`AA n in N, 49^n+16n-1` is divisible by (A) `64` (B) `49` (C) `132` (D) `32`

To determine the divisibility of the expression \(49^n + 16n - 1\) by the given options, we will use the binomial theorem and some algebraic manipulation. ### Step-by-Step Solution: 1. **Rewrite the expression**: We start with the expression \(49^n + 16n - 1\). Notice that \(49\) can be rewritten as \(1 + 48\).

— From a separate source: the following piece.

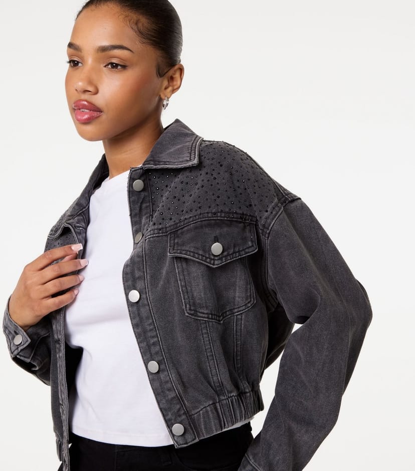 A cropped denim jacket with a sparkly twist. Pink Vanilla's black diamanté-embellished style features an elasticated hem and buttoned chest pockets. Ideal for casual outings.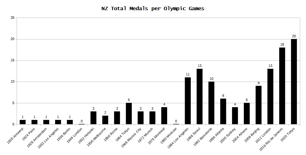Of the 20 medals that we got in 2021, five of them came from the rowing team. Well, we’re now up to three from that lot with the single scullers still to follow. The women’s lightweight double sculls are into their final as well. There were also three medals from the canoeing, all involving Lisa Carrington. Those events haven’t happened yet.

Therefore, we can express \(49^n\) as: \[ 49^n = (1 + 48)^n \] 2. **Apply the Binomial Theorem**: According to the binomial theorem, we can expand \((1 + 48)^n\): \[ (1 + 48)^n = \sum_{k=0}^{n} \binom{n}{k} 48^k \] This expands to: \[ 1 + \binom{n}{1} 48 + \binom{n}{2} 48^2 + \binom{n}{3} 48^3 + \ldots + 48^n \] 3. **Combine with \(16n - 1\)**: Now, substituting back into our expression: \[ 49^n + 16n - 1 = \left(1 + \binom{n}{1} 48 + \binom{n}{2} 48^2 + \ldots + 48^n\right) + 16n - 1 \] The \(1\) and \(-1\) cancel out, leaving us with: \[ \binom{n}{1} 48 + \binom{n}{2} 48^2 + \ldots + 48^n + 16n \] 4. **Factor out common terms**: We can factor out \(16\) from \(16n\) and observe that \(48\) can be expressed as \(3 \times 16\): \[ = 16 \left(\frac{n}{3} + \text{other terms involving } 48\right) \] 5. **Check divisibility by \(64\)**: Notice that \(48\) is divisible by \(16\), and since we have multiple terms involving \(48\), we can check how many factors of \(16\) we can extract from the entire expression. Each term contributes at least one factor of \(16\), and since \(48\) is \(3 \times 16\), we can conclude that: \[ 49^n + 16n - 1 \text{ is divisible by } 64 \] ### Conclusion: Thus, the expression \(49^n + 16n - 1\) is divisible by \(64\). Therefore, the correct answer is **(A) 64**.